2. solve(r1, c1, r2, c2): This is our recursive function representing the DP state.
   • Invalid Path Base Cases:
     • if r1 >= n or c1 >= n or r2 >= n or c2 >= n: If either robot moves out of the grid boundaries, this path is invalid, and we return float('-inf') to ensure it’s not chosen.
     • if mat[r1][c1] == -1 or mat[r2][c2] == -1: If either robot lands on a blocked cell, the path is invalid, also returning float('-inf').
   • Destination Base Cases:
     • if r1 == n - 1 and c1 == n - 1: return mat[r1][c1]
     • if r2 == n - 1 and c2 == n - 1: return mat[r2][c2]
       These lines handle the scenario where one of the robots reaches the destination (n-1, n-1). At this point, it collects its chocolate, and its future contribution from that point for further moves is implicitly handled as moves beyond (n-1, n-1) would lead to out-of-bounds.
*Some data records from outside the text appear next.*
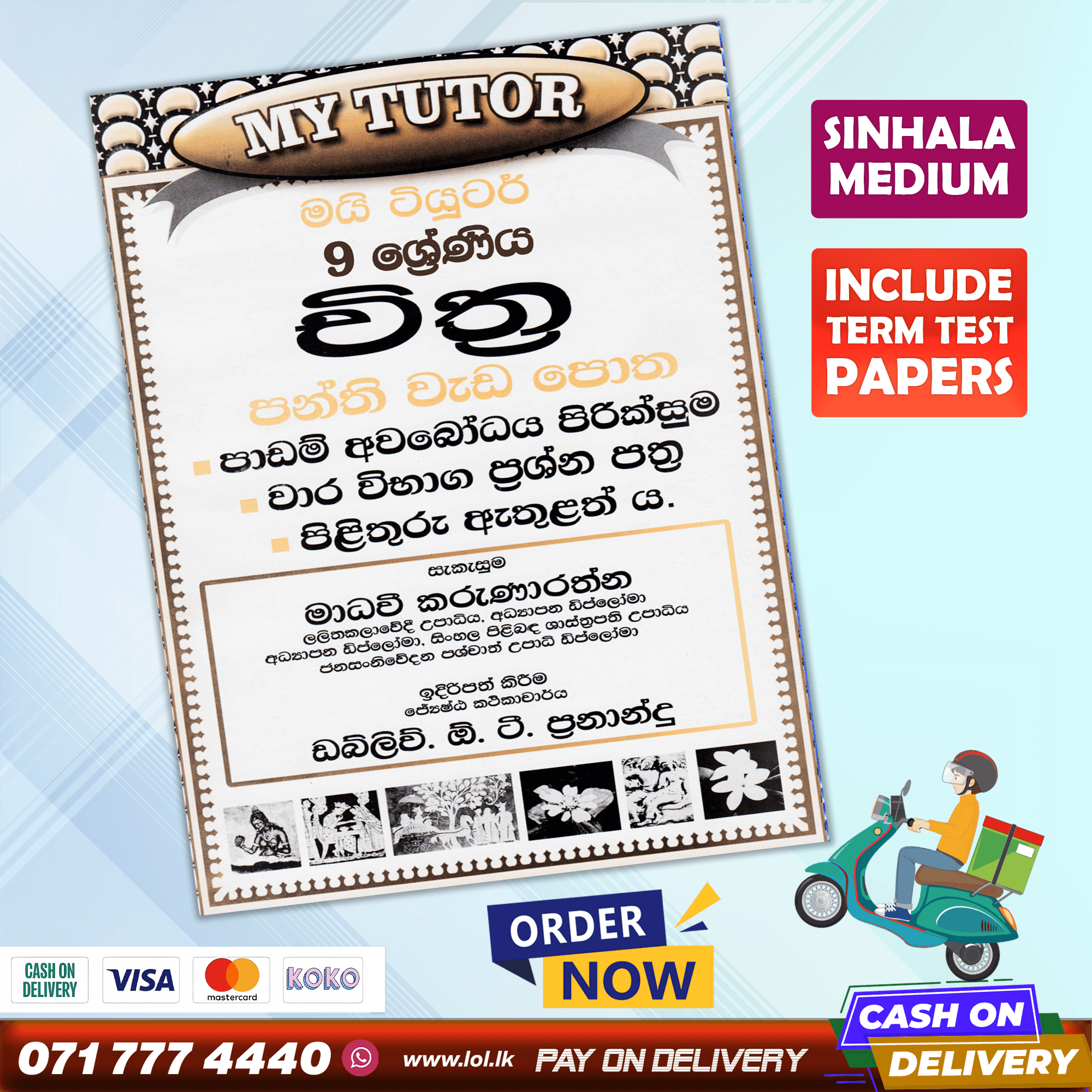 Buy My Tutor Grade 09 Art revision exercises class workbook with term test papers including answers. 09 ශ්රේණිය චිත්ර පන්ති වැඩ පොත. පාඩම් අවබෝධ පිරික්සුම, වාර විභාග ප්රශ්න පත්ර, පිළිතුරු පත්ර ඇතුළත් ය.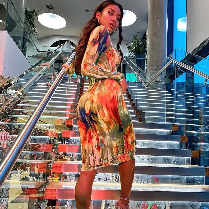 Σέξι εφαρμοστό φόρεμα με μεγάλο ντεκολτέ.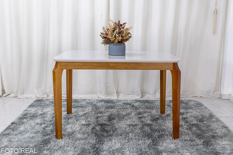 3{%%}Descrição{%%}Mesa de Jantar Alegra Tampo Vidro Off 120×80 4 Cadeiras Diamante Linho Cinza 2904 JCM Madeira Maciça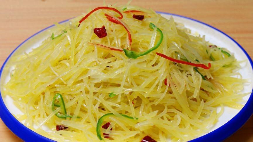 2、鍋中倒油,油熱後放入蒜末爆香。倒入土豆絲翻炒至斷生。加入適量的醋、鹽和生抽調味,繼續翻炒均勻即可出鍋。
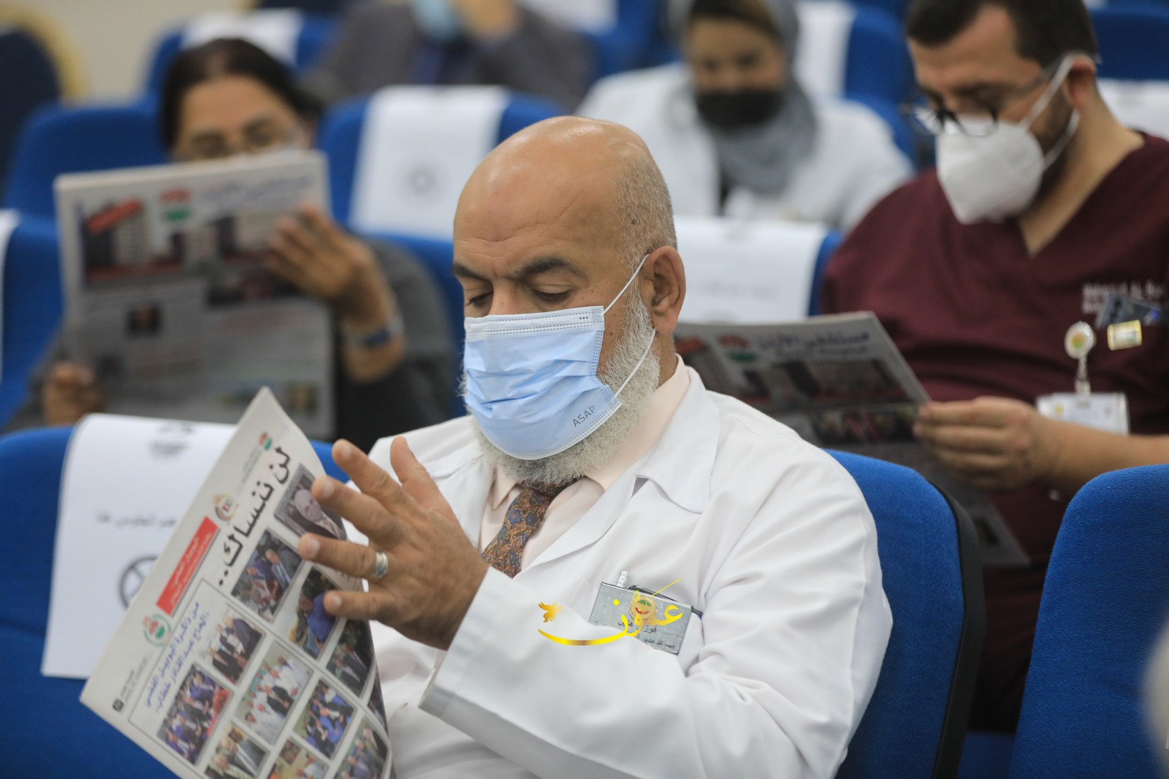 وقدم الدكتور رياض سعيد مدير التدريب والتعليم الطبي المستمر رؤية لما تحقق على صعيد التعليم الطبي في المستشفى وعدد الاطباء الخريجين من برامج الاقامة والزمالة في كافة الاختصاصات الطبية اضافة الى برامج التبادل العلمي والطبي مع الجامعات العالمية.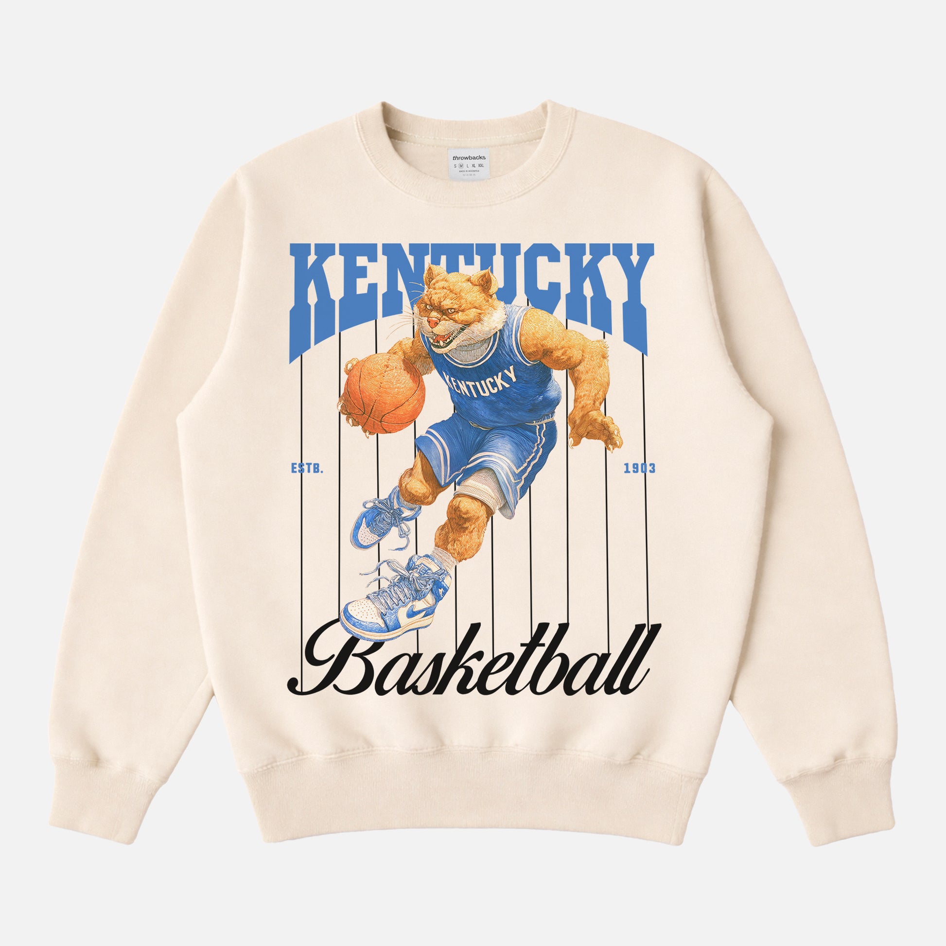 Bring blue-and-white pride to your winter rotation with the Kentucky Basketball Mascot Sweatshirt, a pinstripes crewneck built for fans of vintage college basketball apparel. The design takes cues from classic bookstore gear: thin vertical pinstripes, bold “Kentucky Basketball” lettering, and a vintage wildcat mascot front and center to give it that old-school arena feel. It looks like something you could’ve grabbed on campus in the 90s, updated with a cleaner, more streetwear-ready layout.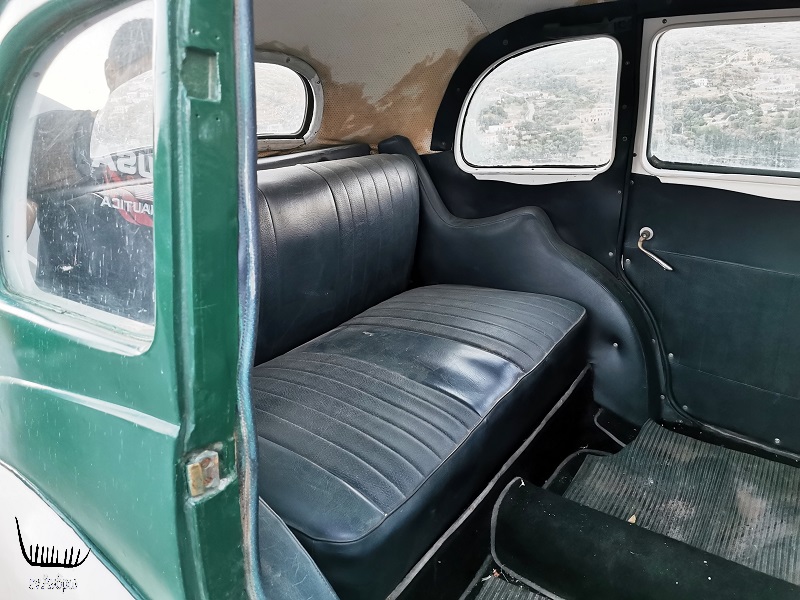 Στο εσωτερικό του οι εμπρός δύο θέσεις είναι διαχωρισμένες με συρόμενο τζάμι από τις πίσω πέντε θέσεις. Ότι πρέπει για την σημερινή εποχή της πανδημίας που πρέπει να κρατιούνται οι αποστάσεις. Όπως βλέπετε σε αυτό το αμάξι τις κρατούσαν από παλιά. Άλλες εποχές, άλλες αποστάσεις θα πείτε...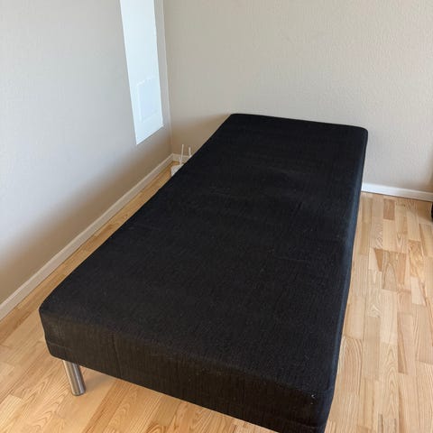 Seng fra Jysk med mørkegråt betræk. Står på træben og er nem at placere i rummet.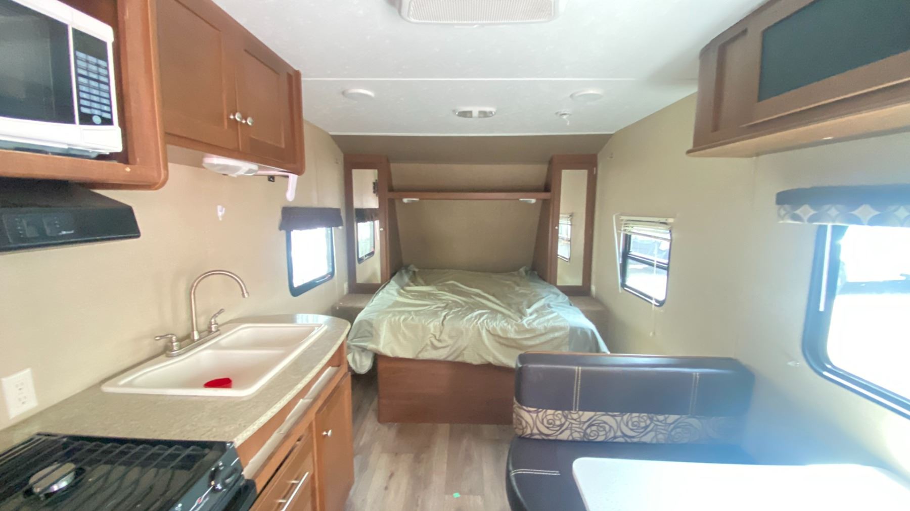 2015 KEYSTONE DUTCHMEN 1900RB 19FT TRAVEL TRAILER, WHITE, VIN 4YDT19029FY921415 HAS REGISTRATION, HAS KEYS, HISTORY: OOP, EQUIPPED TRAILER ONE DOUBLE BED, NO MATTRESS, TABLE FOLDS TO BE A BED, PROPANE FRIDGE & STOVE, FRIDGE IS ELECTRIC, ALSO MILCA WARE SINK, STAND UP SHOWER, ONE TOILET, AC UNIT WITH PROPANE TANKS, HAIL DAMAGE, 1X ICBC NO DETAILS, ICBC REPAIRED ESTIMATE $16,374.23

   • Chocolate Collection Logic:
     • if r1 == r2 and c1 == c2: If both robots are at the same cell, chocolates are counted only once (mat[r1][c1]).
     • else: If they are at different cells, chocolates from both cells are added (mat[r1][c1] + mat[r2][c2]).
   • Recursive Step: max_next_chocolates = max(...) explores all four possible combinations of moves for the two robots. Each robot can move one step down (r+1) or one step right (c+1). The function then recursively calls solve for each of these next states to find the maximum possible chocolates from that point onwards.
   • The total chocolates for the current state are current_chocolates + max_next_chocolates.
3. Initial Call and Result: ans = solve(0, 0, 0, 0) starts the process with both robots at the top-left corner. Finally, return max(0, ans) ensures that if no valid path exists (meaning ans would be float('-inf')), the function correctly returns 0 as per the problem statement.

Conclusion

The “Chocolate Pickup” problem is a fantastic illustration of how dynamic programming can be used to solve complex pathfinding problems involving multiple agents or round trips. By transforming the problem into two concurrent forward journeys and meticulously defining the DP state and transitions, we can efficiently compute the maximum possible chocolate collection. This approach, combined with memoization, prevents redundant computations and provides an optimal solution. Keep practicing these challenging problems to elevate your algorithmic thinking!